# Exercise:
Could every line of the listing be output exactly, with the pictures skipped?

# Source data:
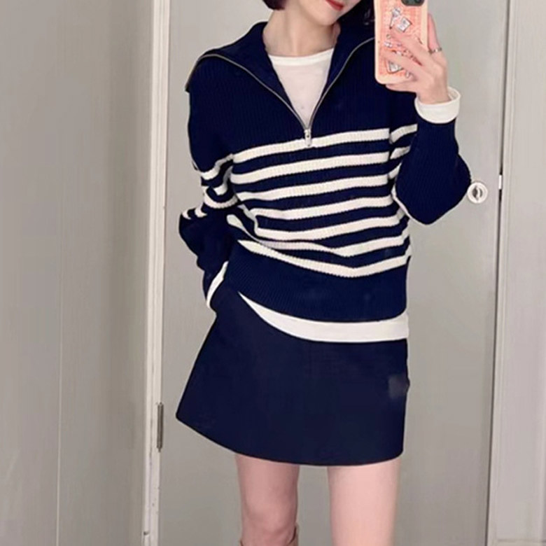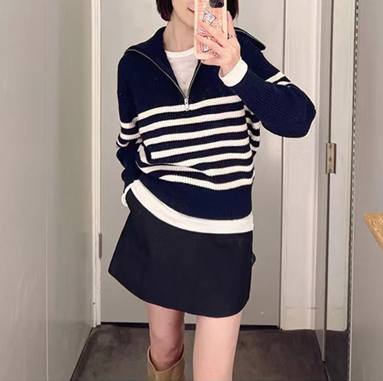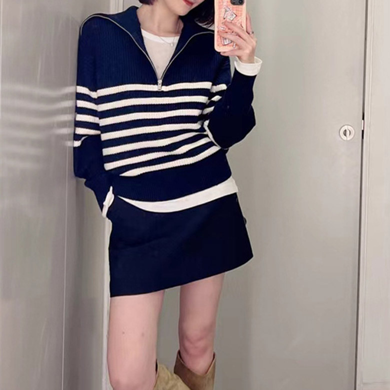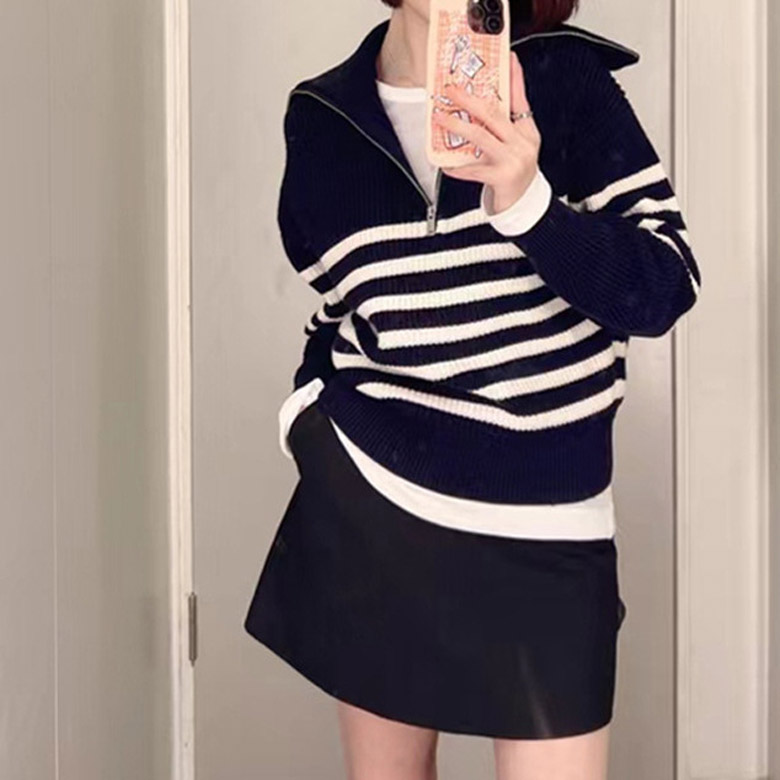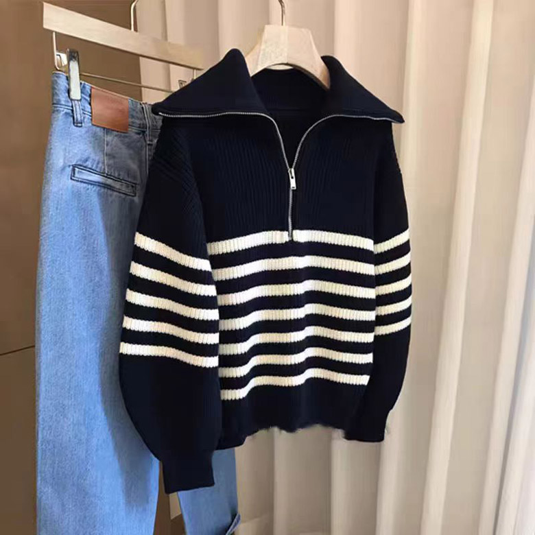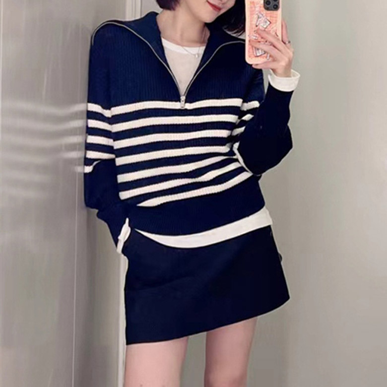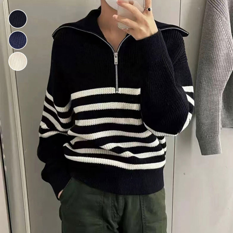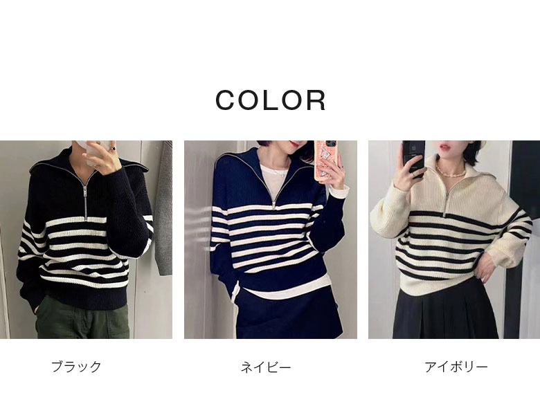 3B44 ポロカラー ニット セーター トップス ニット セーター セーター お得なセール ブラック ネイビー アイボリー
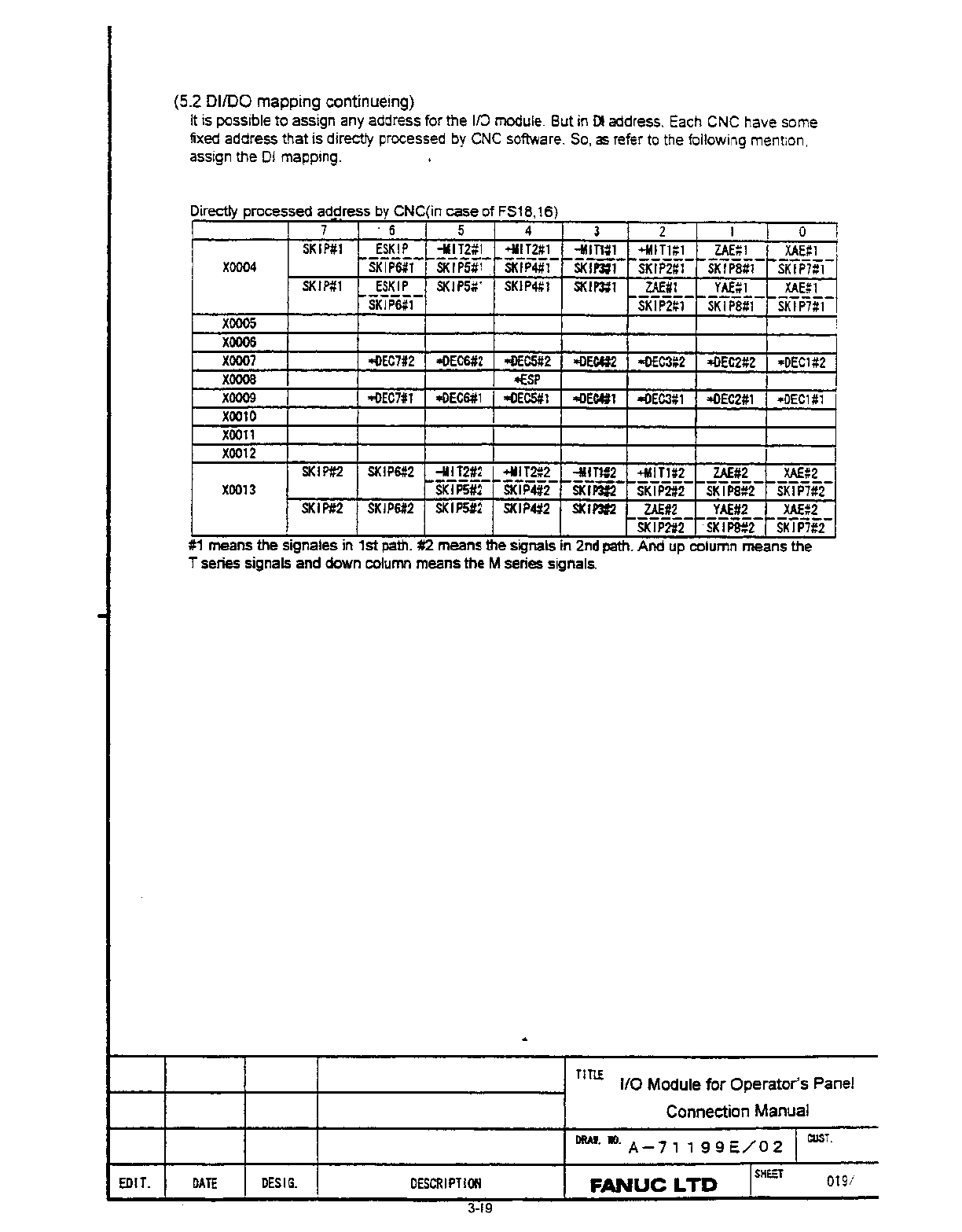 • Page 97SECTION 4: 48 / 32 POINTS I/O MODULE This section contains: • Drawing No. A-73233E/01 for I/O Modules: q A20B-2002-0520 (with MPG). q A20B-2002-0521 (without MPG). Note I/O points are not multiplexed.
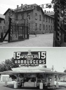 Enquanto o McDonald’s é tradicionalmente associado aos bons tempos e a afluência da América de 1950, o primeiro restaurante foi aberto muito antes, em 15 de maio de 1940. Apenas cinco dias depois, os primeiros prisioneiros chegaram ao campo de concentração de Auschwitz, onde hoje é a Polônia.

# Response:
 3B44 ポロカラー ニット セーター トップス ニット セーター セーター お得なセール ブラック ネイビー アイボリー
 • Page 97SECTION 4: 48 / 32 POINTS I/O MODULE This section contains: • Drawing No. A-73233E/01 for I/O Modules: q A20B-2002-0520 (with MPG). q A20B-2002-0521 (without MPG). Note I/O points are not multiplexed.
 Enquanto o McDonald’s é tradicionalmente associado aos bons tempos e a afluência da América de 1950, o primeiro restaurante foi aberto muito antes, em 15 de maio de 1940. Apenas cinco dias depois, os primeiros prisioneiros chegaram ao campo de concentração de Auschwitz, onde hoje é a Polônia.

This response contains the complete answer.